◆ What you will do
Please print, exactly as written, the line containing "Good preowned Y2K" and each line after it through the end of the material; pictures stay out.

◆ Information shown
★ ★ ★
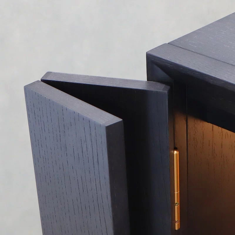木材には青森・秋田・岩手、3県の東北地方で産出された「栓(せん)」と言われる国産の木材を使用しております。「栓」は国内市場の中でも東北地方の寒冷地で算出されるものが木目が詰まっていて良質でブランド化されており、本仏壇は東北地方産の「栓」のみを使用しております。国産木材を使用した国内生産品ですので純国産のお仏壇となります。その上から青みがかった墨で染め上げた品のある落ち着いた色合いです。
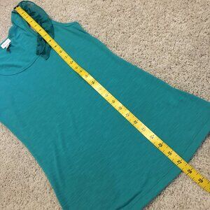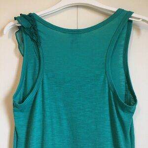 Good preowned Y2K condition, plain, solid aquamarine, soft, stretchy tank top with viscose blend and ruffled detail on the shoulder in chiffon by Dynamite. A little bit of piling, but could easily be taken off with an electric shaver. Cute.
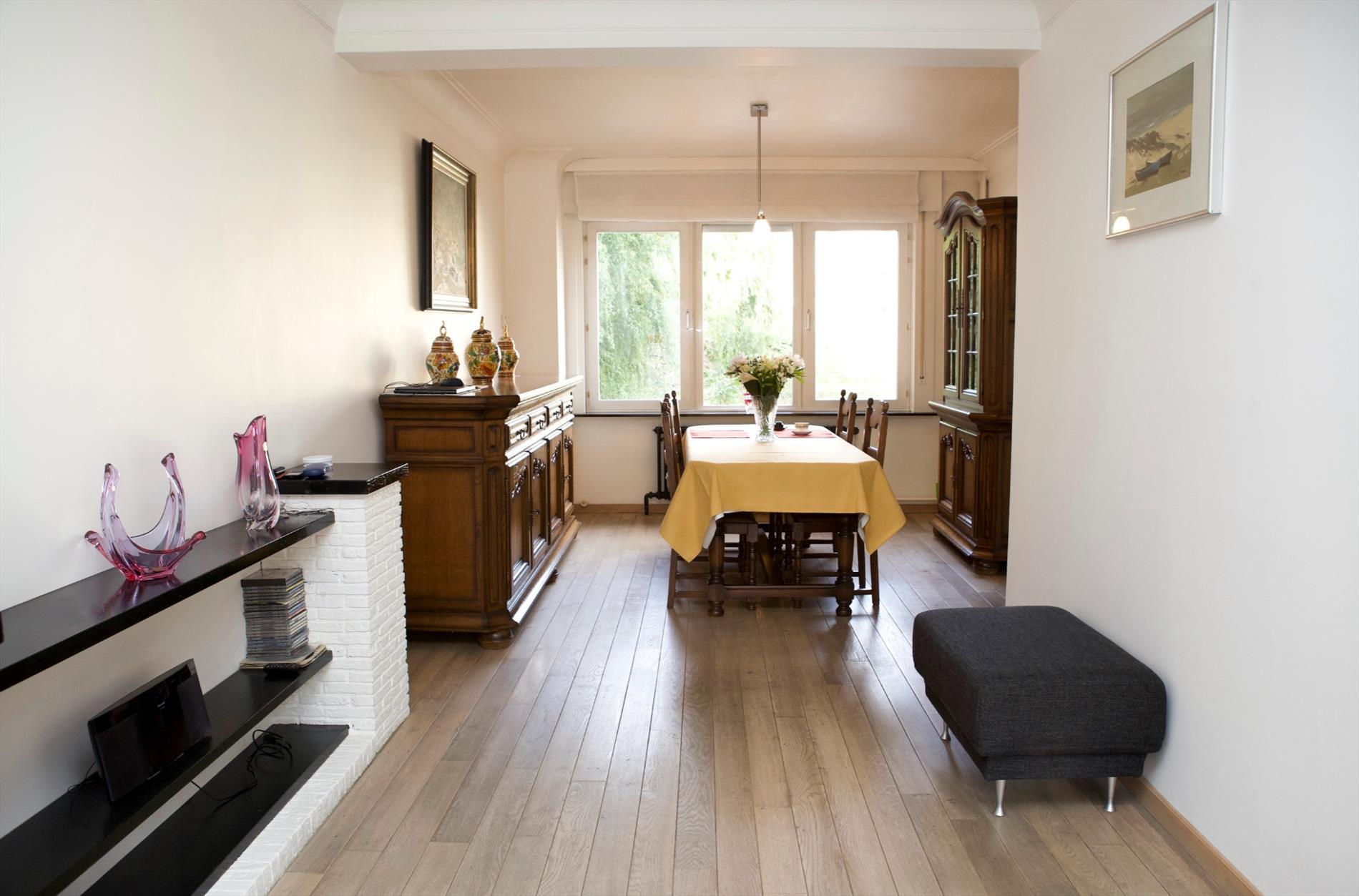 1ste verdiep: overloop & traphal (glazen deur),- woonkamer (38 m²) met sierschouw (in metselwerk) + ingebouwde gashaard (eiken parket),- keuken (3,42 x 2) met nieuwe L-vormige keukenblok (witte meubelplaat) + ingebouwde inox afwasbak, keramische kookplaat, dampkap, micro-combi-oven, en frigo ;
★ ★ ★
◆ Result for this exercise
 Good preowned Y2K condition, plain, solid aquamarine, soft, stretchy tank top with viscose blend and ruffled detail on the shoulder in chiffon by Dynamite. A little bit of piling, but could easily be taken off with an electric shaver. Cute.
 1ste verdiep: overloop & traphal (glazen deur),- woonkamer (38 m²) met sierschouw (in metselwerk) + ingebouwde gashaard (eiken parket),- keuken (3,42 x 2) met nieuwe L-vormige keukenblok (witte meubelplaat) + ingebouwde inox afwasbak, keramische kookplaat, dampkap, micro-combi-oven, en frigo ;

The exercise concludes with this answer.